Dataset extract:
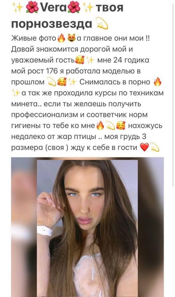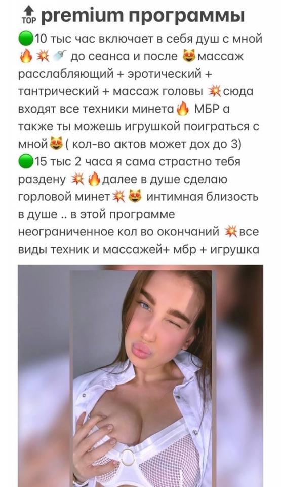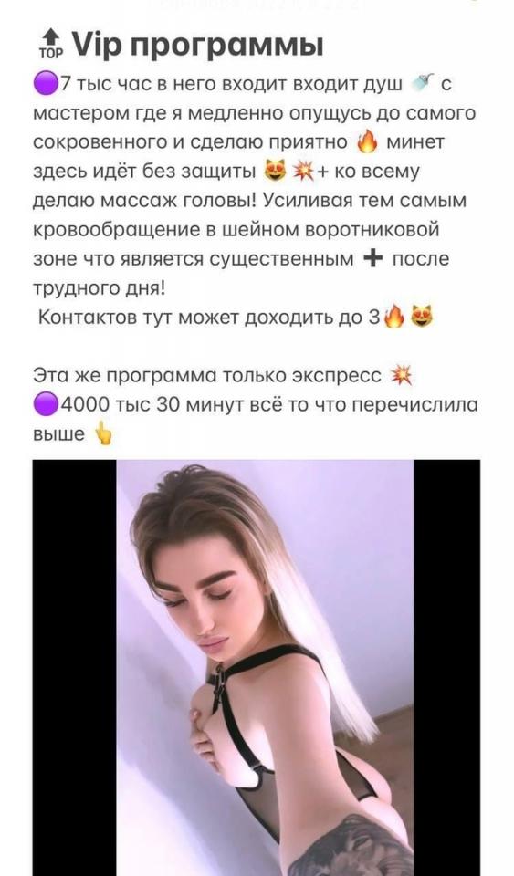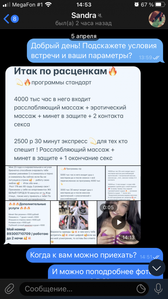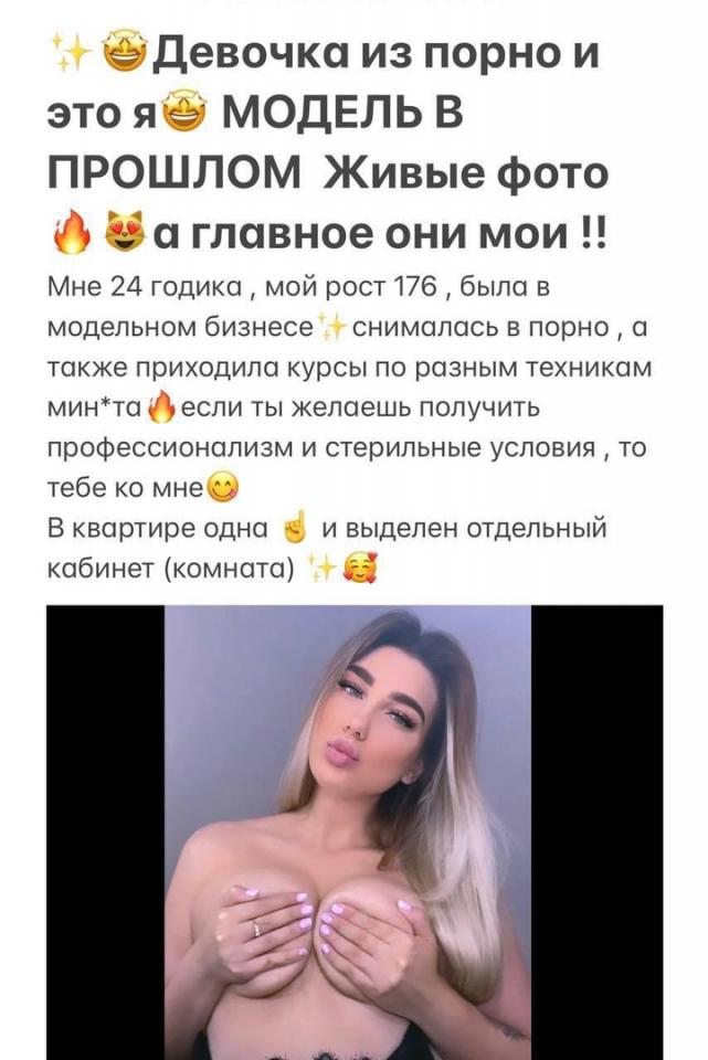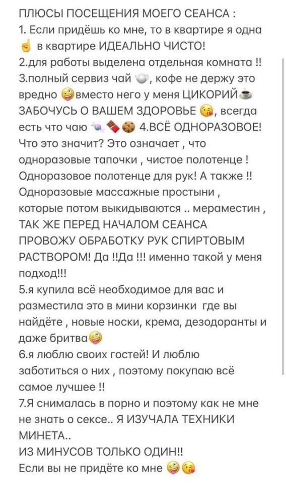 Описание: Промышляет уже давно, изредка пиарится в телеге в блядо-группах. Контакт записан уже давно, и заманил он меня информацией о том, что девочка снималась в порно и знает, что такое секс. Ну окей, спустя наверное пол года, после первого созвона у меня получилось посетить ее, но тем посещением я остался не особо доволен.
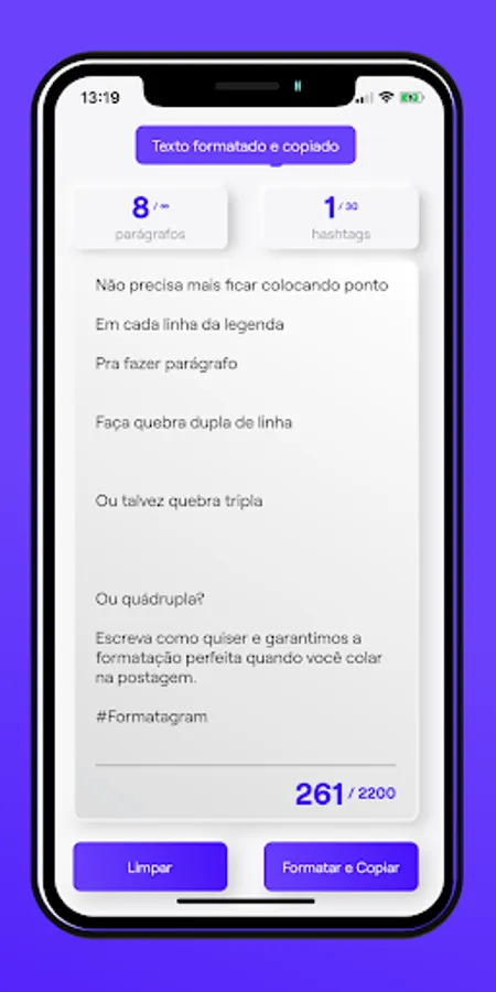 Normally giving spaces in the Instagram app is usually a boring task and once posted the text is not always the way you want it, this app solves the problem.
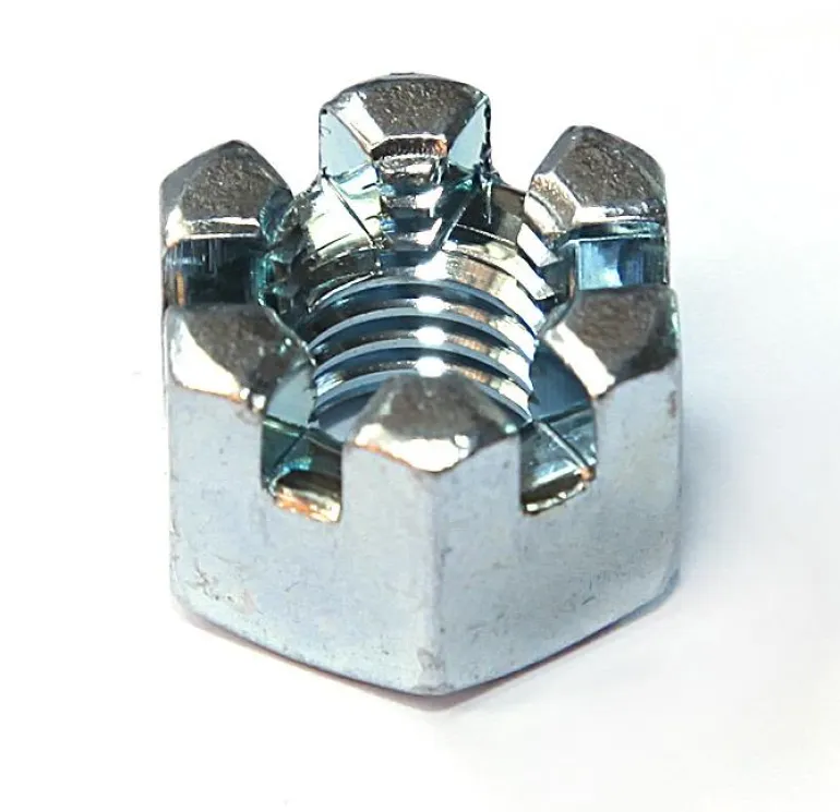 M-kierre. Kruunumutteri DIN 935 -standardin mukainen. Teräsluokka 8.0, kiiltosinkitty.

Task statement: Word for word, give again the lines from the line holding "Normally giving spaces" through the last line of the material, both included; pictures are not part of the copy.

Task answer:
 Normally giving spaces in the Instagram app is usually a boring task and once posted the text is not always the way you want it, this app solves the problem.
 M-kierre. Kruunumutteri DIN 935 -standardin mukainen. Teräsluokka 8.0, kiiltosinkitty.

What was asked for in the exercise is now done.